[Records excerpted from a collection]
>>>>
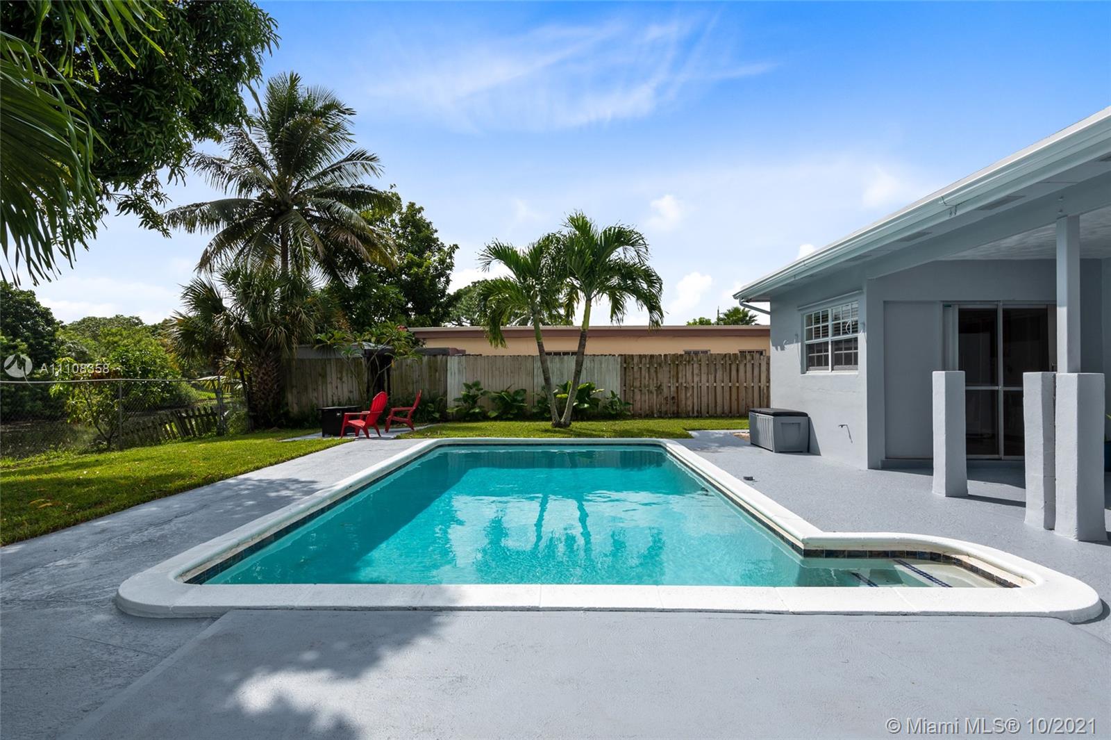 Spacious home on oversized corner lot (10,204 SQFT) in Sunrise with no HOA features 2 bedrooms, 2 bathrooms (1 as Cabana Bath), 2-car garage, pool (resurfaced in 2019), and is on the water with a fully fenced back yard. Interior features include a huge living room with lots of natural lighting, separate dining room, kitchen with updated wood cabinets and sliding door access to the covered patio and pool area. Additional features include newer AC (2yrs old), freshly painted exterior, driveway with pavers, courtyard area, covered patio and a great outdoor space with fruit trees perfect for entertaining and outdoor living.
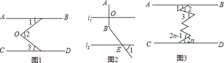 (3)如图3,AB∥CD,图中∠1,∠2,∠3,…,∠2n-1,∠2n之间有什么关系?(直接写出答案)
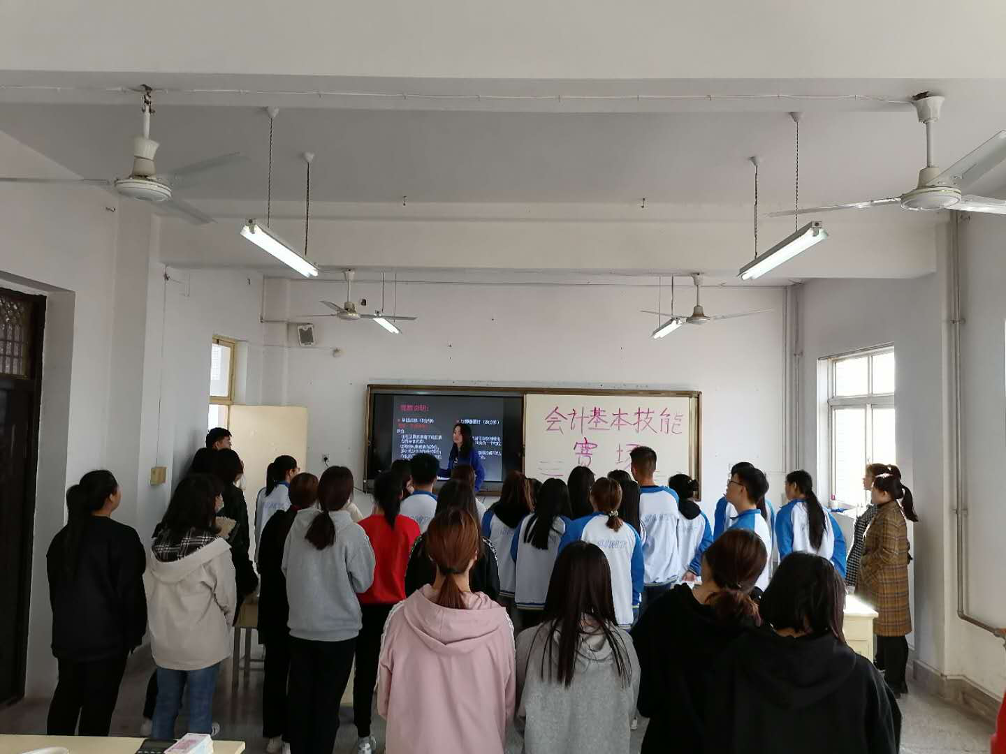 经管与艺术公司邢经理查看会计基本技能比赛情况,亲切的询问员工准备比赛情况并叮嘱员工认真细心做账。
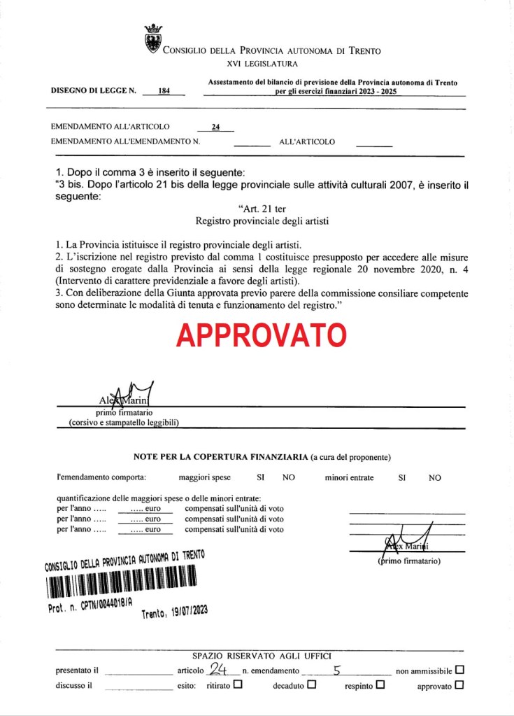 Anche in Trentino arriva il Registro provinciale degli artisti. Prendendo spunto da una legge già presente in l’Alto Adige / Südtirol, il Consigliere provinciale del M5S, Alex Marini, ha ottenuto l’approvazione di un emendamento all’assestamento di bilancio provinciale (nel dettaglio: è stato introdotto l’articolo 21 ter nella legge provinciale sulle attività culturali) tramite il quale viene prevista l’istituzione di un apposito registro provinciale al fine di consentire agli iscritti l’accesso ai fondi stanziati dalla legge regionale n.4 del 2020 che disciplina gli interventi di carattere previdenziale a favore degli artisti.
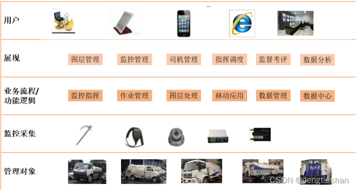 - 业务流程/功能逻辑:包括如监控指挥、作业管理、图层数据处理、移动应用、环卫数据管理以及环卫数据中心应用等。
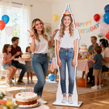 等身人形立牌,微笑的小女孩,白色蕾丝泡泡袖上衣+红白格纹七分裤+粉色布鞋,头戴派对尖顶帽,手持蓝色气球,姿态活泼叉腰。背景是儿童生日派对场景:一群穿粉色连衣裙、戴派对帽的孩子围在生日蛋糕和纸杯蛋糕旁,场景装饰有彩色气球、"HAPPY BIRTHDAY"字母彩旗和流苏拉帘,暖光明亮,高饱和活泼色彩,商业产品摄影风格,主体清晰突出,适合电商展示
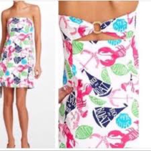 Lilly Pulitzer Rock The Boat Strapeless Dress with Gold Ring back size 2 EUC
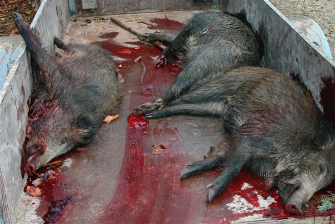 Tote abgeschlachtete Wildschweine
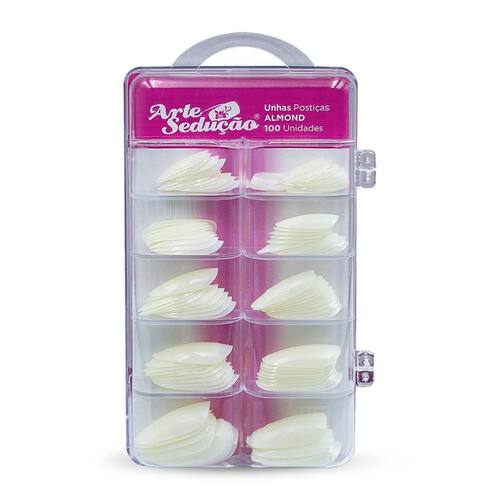 01 - Caixa Acrílica com 100 Unidades de Unhas Postiças Formato Almond Amendoadas
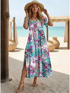 Linea ad A Lunghezza al pavimento Abito da Sera Da principessa Abito formale Elegante Monocolore Setoso Manica 3/4 Scollo a V Natale Formale Tasca Raso con Spacco
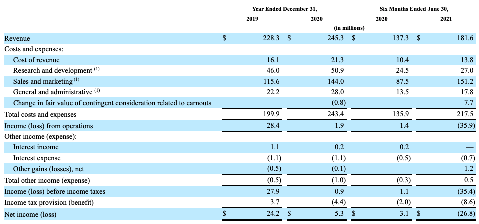 More recently, growth has sped back up, with NerdWallet posting $137.3 million in H1 2020 revenues, a figure that expanded to $181.6 in the first half of 2021. The latter figure represents growth of just over 32%, a much healthier number than what the company recorded in 2020.
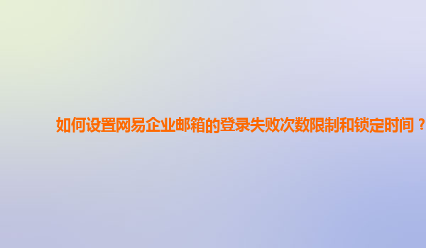 2024-10-27如何設置網易企業郵箱的登錄失敗次數限制和鎖定時間? 在使用網易企業郵箱時,為了保護賬戶安全,我們可以設置登錄失敗次數限制和鎖定時間,以防止惡意登錄或密碼破解行為。下面將介紹如何在網易企業郵箱中進行設置...
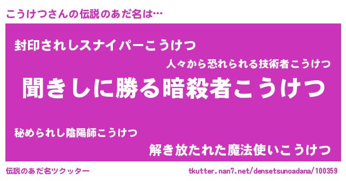 | 胡散臭い通販商品みたいなあだ名 | 『絶対に幸福をもたらす健康食品…その名も「こうけつ」』 |
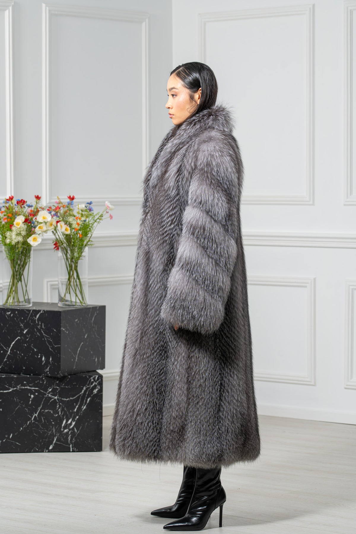 Handcrafted in Kastoria, Greece, a region celebrated for its generations of fur artistry, this stunning coat showcases the breathtaking beauty and silky texture of authentic **natural Blue Frost Fox fur**. The unique 'Blue Frost' hue, characterized by its natural silver-blue tones with darker guard hairs, creates a luxurious and striking visual appeal. Its voluminous, long hair provides exceptional warmth and a dramatic, elegant silhouette that turns heads, making it a truly timeless and eye-catching statement piece.
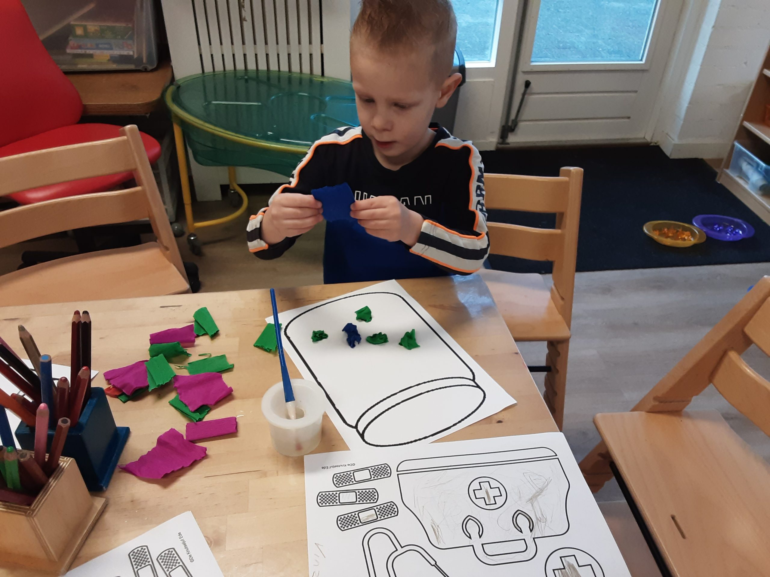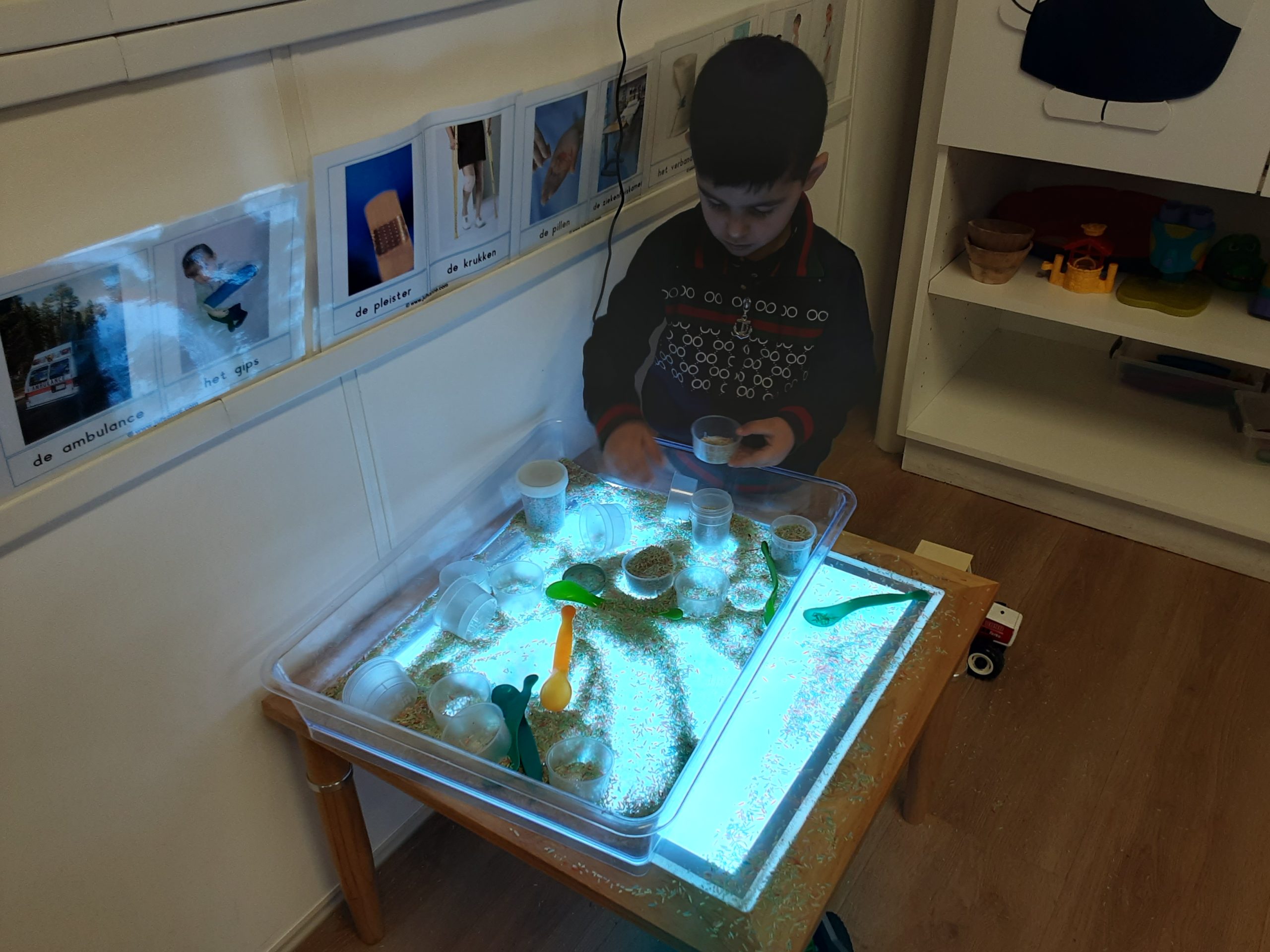 Op de lichttafel kunnen de peuters medicijnpotjes vullen met ‘pilletjes’ (gekleurde rijst). Hier zijn ze heel druk mee! Spelen met gekleurde rijst is een zintuiglijke activiteit die de beleving stimuleert met kijken, voelen, horen en fantasievol spelen.
<<<<
With the pictures stripped out, return each record word for word.

 Spacious home on oversized corner lot (10,204 SQFT) in Sunrise with no HOA features 2 bedrooms, 2 bathrooms (1 as Cabana Bath), 2-car garage, pool (resurfaced in 2019), and is on the water with a fully fenced back yard. Interior features include a huge living room with lots of natural lighting, separate dining room, kitchen with updated wood cabinets and sliding door access to the covered patio and pool area. Additional features include newer AC (2yrs old), freshly painted exterior, driveway with pavers, courtyard area, covered patio and a great outdoor space with fruit trees perfect for entertaining and outdoor living.
 (3)如图3,AB∥CD,图中∠1,∠2,∠3,…,∠2n-1,∠2n之间有什么关系?(直接写出答案)
 经管与艺术公司邢经理查看会计基本技能比赛情况,亲切的询问员工准备比赛情况并叮嘱员工认真细心做账。
 Anche in Trentino arriva il Registro provinciale degli artisti. Prendendo spunto da una legge già presente in l’Alto Adige / Südtirol, il Consigliere provinciale del M5S, Alex Marini, ha ottenuto l’approvazione di un emendamento all’assestamento di bilancio provinciale (nel dettaglio: è stato introdotto l’articolo 21 ter nella legge provinciale sulle attività culturali) tramite il quale viene prevista l’istituzione di un apposito registro provinciale al fine di consentire agli iscritti l’accesso ai fondi stanziati dalla legge regionale n.4 del 2020 che disciplina gli interventi di carattere previdenziale a favore degli artisti.
 - 业务流程/功能逻辑:包括如监控指挥、作业管理、图层数据处理、移动应用、环卫数据管理以及环卫数据中心应用等。
 等身人形立牌,微笑的小女孩,白色蕾丝泡泡袖上衣+红白格纹七分裤+粉色布鞋,头戴派对尖顶帽,手持蓝色气球,姿态活泼叉腰。背景是儿童生日派对场景:一群穿粉色连衣裙、戴派对帽的孩子围在生日蛋糕和纸杯蛋糕旁,场景装饰有彩色气球、"HAPPY BIRTHDAY"字母彩旗和流苏拉帘,暖光明亮,高饱和活泼色彩,商业产品摄影风格,主体清晰突出,适合电商展示
 Lilly Pulitzer Rock The Boat Strapeless Dress with Gold Ring back size 2 EUC
 Tote abgeschlachtete Wildschweine
 01 - Caixa Acrílica com 100 Unidades de Unhas Postiças Formato Almond Amendoadas
 Linea ad A Lunghezza al pavimento Abito da Sera Da principessa Abito formale Elegante Monocolore Setoso Manica 3/4 Scollo a V Natale Formale Tasca Raso con Spacco
 More recently, growth has sped back up, with NerdWallet posting $137.3 million in H1 2020 revenues, a figure that expanded to $181.6 in the first half of 2021. The latter figure represents growth of just over 32%, a much healthier number than what the company recorded in 2020.
 2024-10-27如何設置網易企業郵箱的登錄失敗次數限制和鎖定時間? 在使用網易企業郵箱時,為了保護賬戶安全,我們可以設置登錄失敗次數限制和鎖定時間,以防止惡意登錄或密碼破解行為。下面將介紹如何在網易企業郵箱中進行設置...
 | 胡散臭い通販商品みたいなあだ名 | 『絶対に幸福をもたらす健康食品…その名も「こうけつ」』 |
 Handcrafted in Kastoria, Greece, a region celebrated for its generations of fur artistry, this stunning coat showcases the breathtaking beauty and silky texture of authentic **natural Blue Frost Fox fur**. The unique 'Blue Frost' hue, characterized by its natural silver-blue tones with darker guard hairs, creates a luxurious and striking visual appeal. Its voluminous, long hair provides exceptional warmth and a dramatic, elegant silhouette that turns heads, making it a truly timeless and eye-catching statement piece.
 Op de lichttafel kunnen de peuters medicijnpotjes vullen met ‘pilletjes’ (gekleurde rijst). Hier zijn ze heel druk mee! Spelen met gekleurde rijst is een zintuiglijke activiteit die de beleving stimuleert met kijken, voelen, horen en fantasievol spelen.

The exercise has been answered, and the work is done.